### Data extract
*** Begin section ***
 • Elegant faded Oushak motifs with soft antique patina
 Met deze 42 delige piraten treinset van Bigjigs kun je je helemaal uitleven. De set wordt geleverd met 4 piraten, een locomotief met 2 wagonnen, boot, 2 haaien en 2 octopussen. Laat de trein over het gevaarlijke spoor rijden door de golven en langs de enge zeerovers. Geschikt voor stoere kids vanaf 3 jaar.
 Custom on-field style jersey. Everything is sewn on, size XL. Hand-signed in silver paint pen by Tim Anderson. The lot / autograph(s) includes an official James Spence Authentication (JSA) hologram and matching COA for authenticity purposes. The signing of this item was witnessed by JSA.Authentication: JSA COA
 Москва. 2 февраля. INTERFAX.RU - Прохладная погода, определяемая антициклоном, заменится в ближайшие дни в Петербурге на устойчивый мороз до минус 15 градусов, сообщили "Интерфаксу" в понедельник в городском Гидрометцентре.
*** End section ***
*** Begin section ***
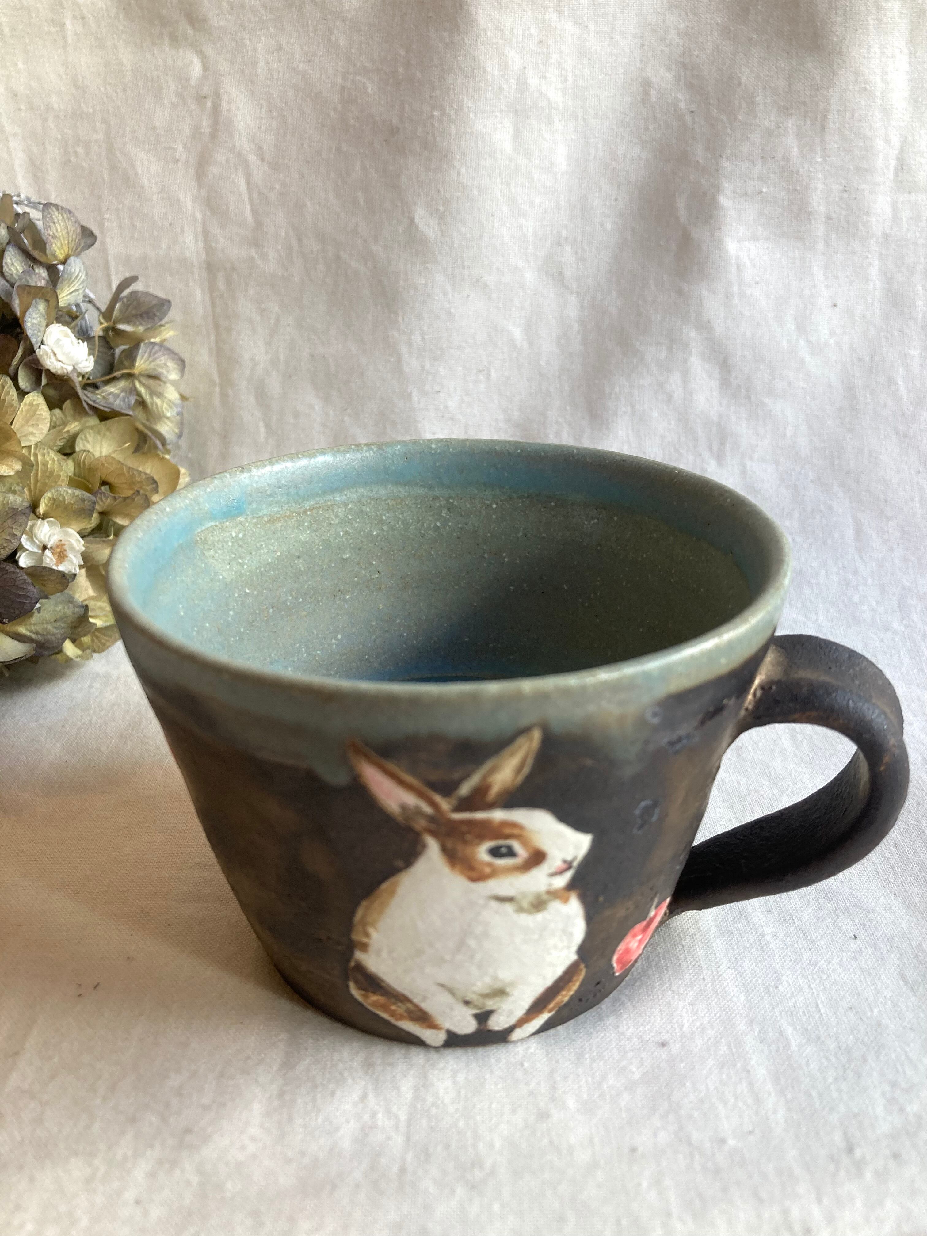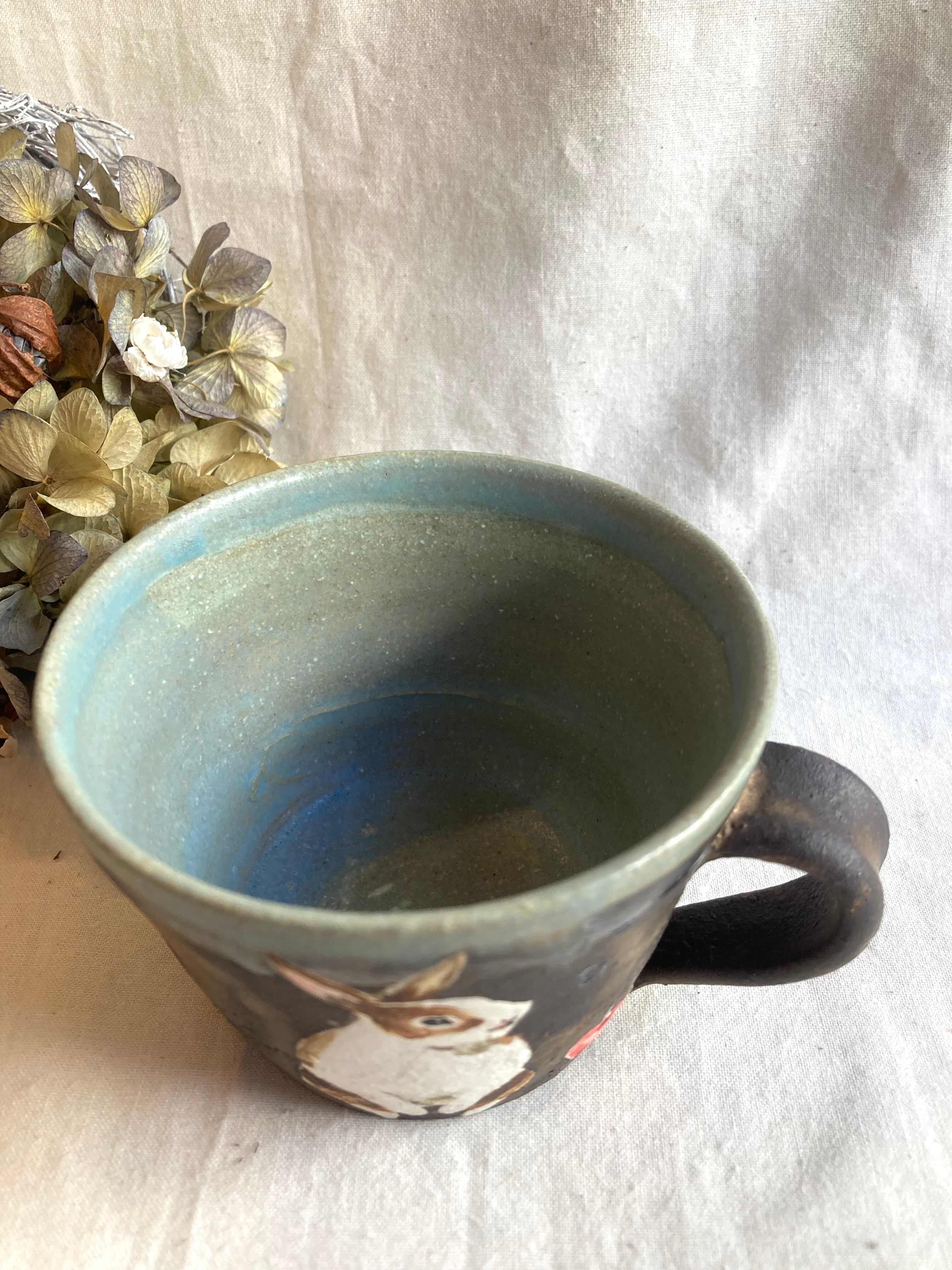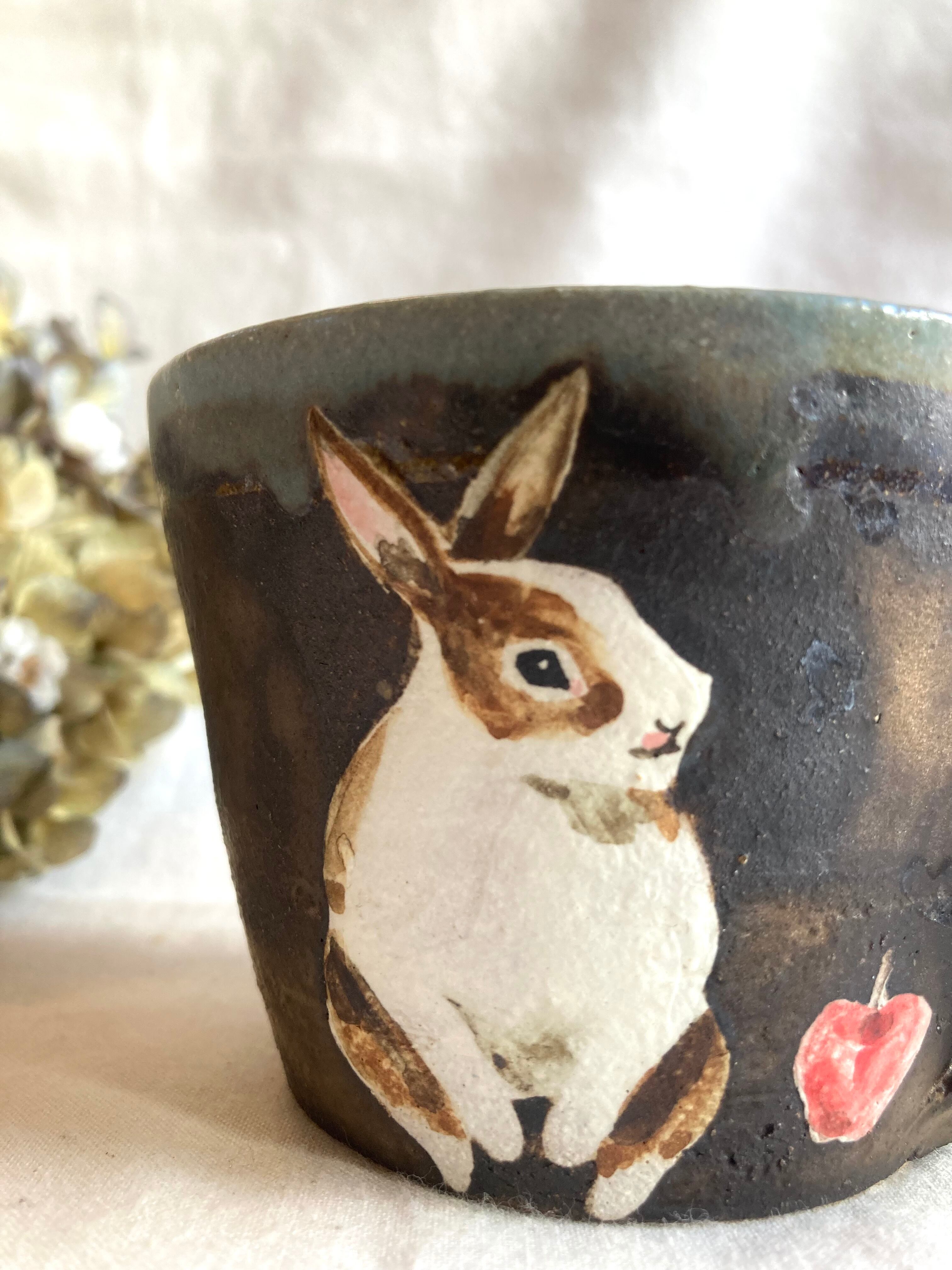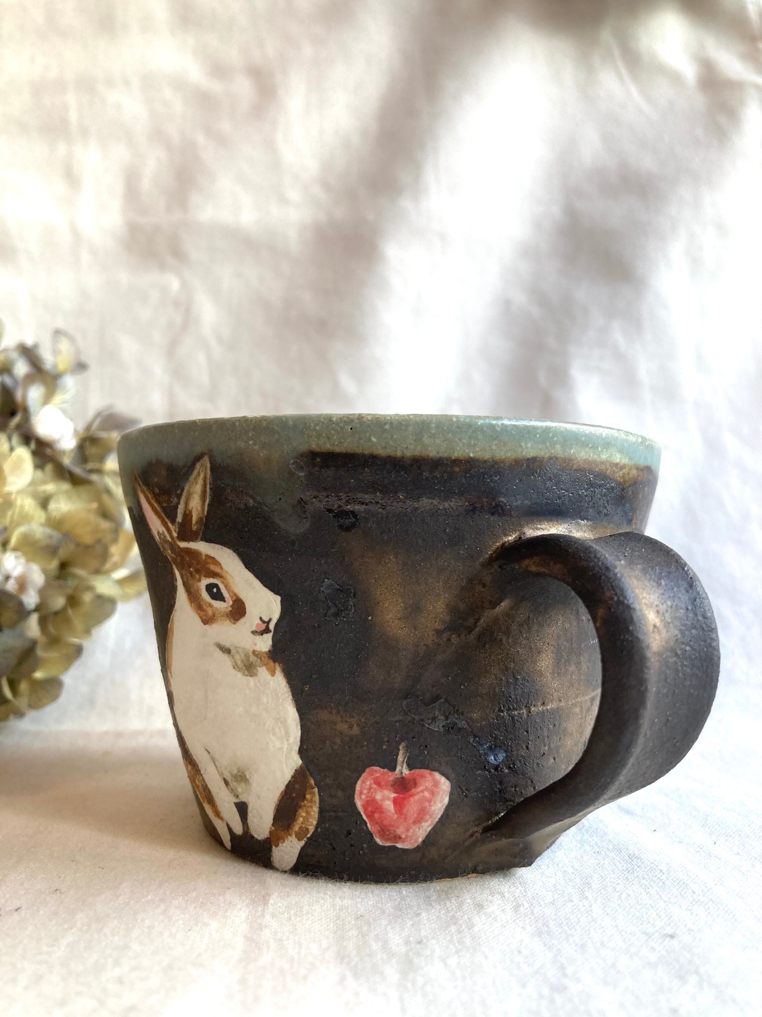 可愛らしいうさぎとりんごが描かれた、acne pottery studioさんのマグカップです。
*** End section ***
### Assigned task
Take the line above containing "soft antique patina", the line containing "Met deze 42", and all lines in between, and copy them exactly without anything else.

### Answer below
 • Elegant faded Oushak motifs with soft antique patina
 Met deze 42 delige piraten treinset van Bigjigs kun je je helemaal uitleven. De set wordt geleverd met 4 piraten, een locomotief met 2 wagonnen, boot, 2 haaien en 2 octopussen. Laat de trein over het gevaarlijke spoor rijden door de golven en langs de enge zeerovers. Geschikt voor stoere kids vanaf 3 jaar.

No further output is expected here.